Your objective:
The expected result is an exact restatement of the data, free of pictures.

Data shown:

* * *

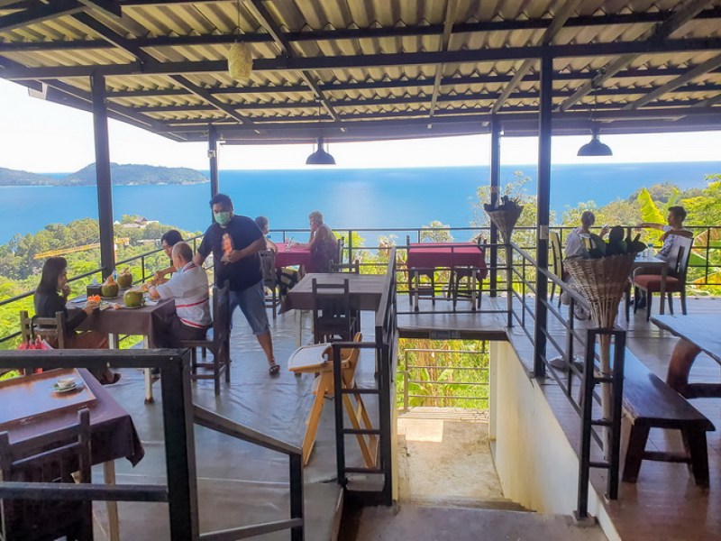 Pha Chom Tawan Restaurant offers a unique dining experience with breathtaking views of the Andaman Sea, serving a variety of local Thai and Phuket specialties in a secluded hilltop location between Kamala and Patong.
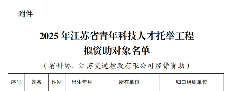近日,江苏省科学技术协会公布了2025年江苏省青年科技人才托举工程拟资助对象名单,公司胡玥副教授成功入选。
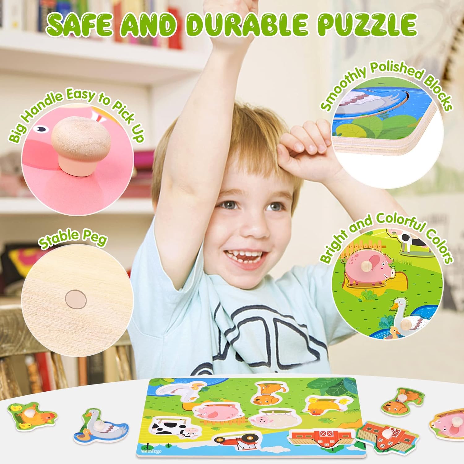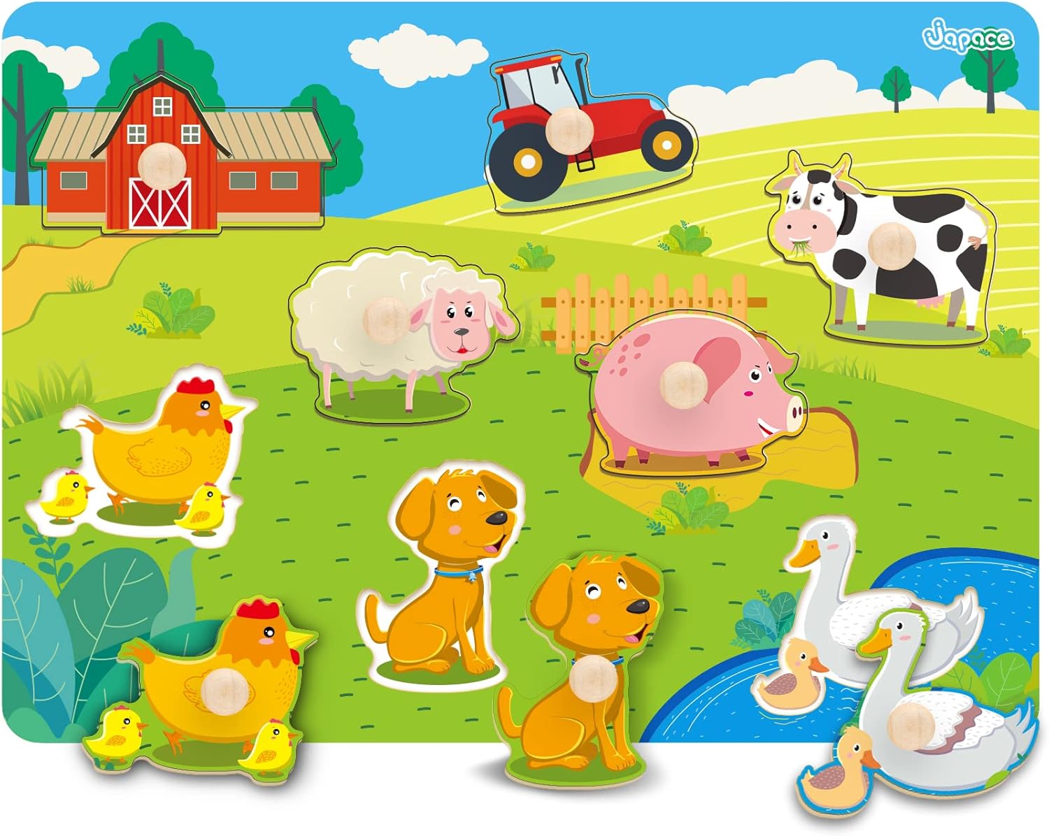 Puzzle Montessori en bois pour enfants de 1 à 2 ans : jeu éducatif d’animaux de la ferme

* * *

Completed exercise:
 Pha Chom Tawan Restaurant offers a unique dining experience with breathtaking views of the Andaman Sea, serving a variety of local Thai and Phuket specialties in a secluded hilltop location between Kamala and Patong.
近日,江苏省科学技术协会公布了2025年江苏省青年科技人才托举工程拟资助对象名单,公司胡玥副教授成功入选。
 Puzzle Montessori en bois pour enfants de 1 à 2 ans : jeu éducatif d’animaux de la ferme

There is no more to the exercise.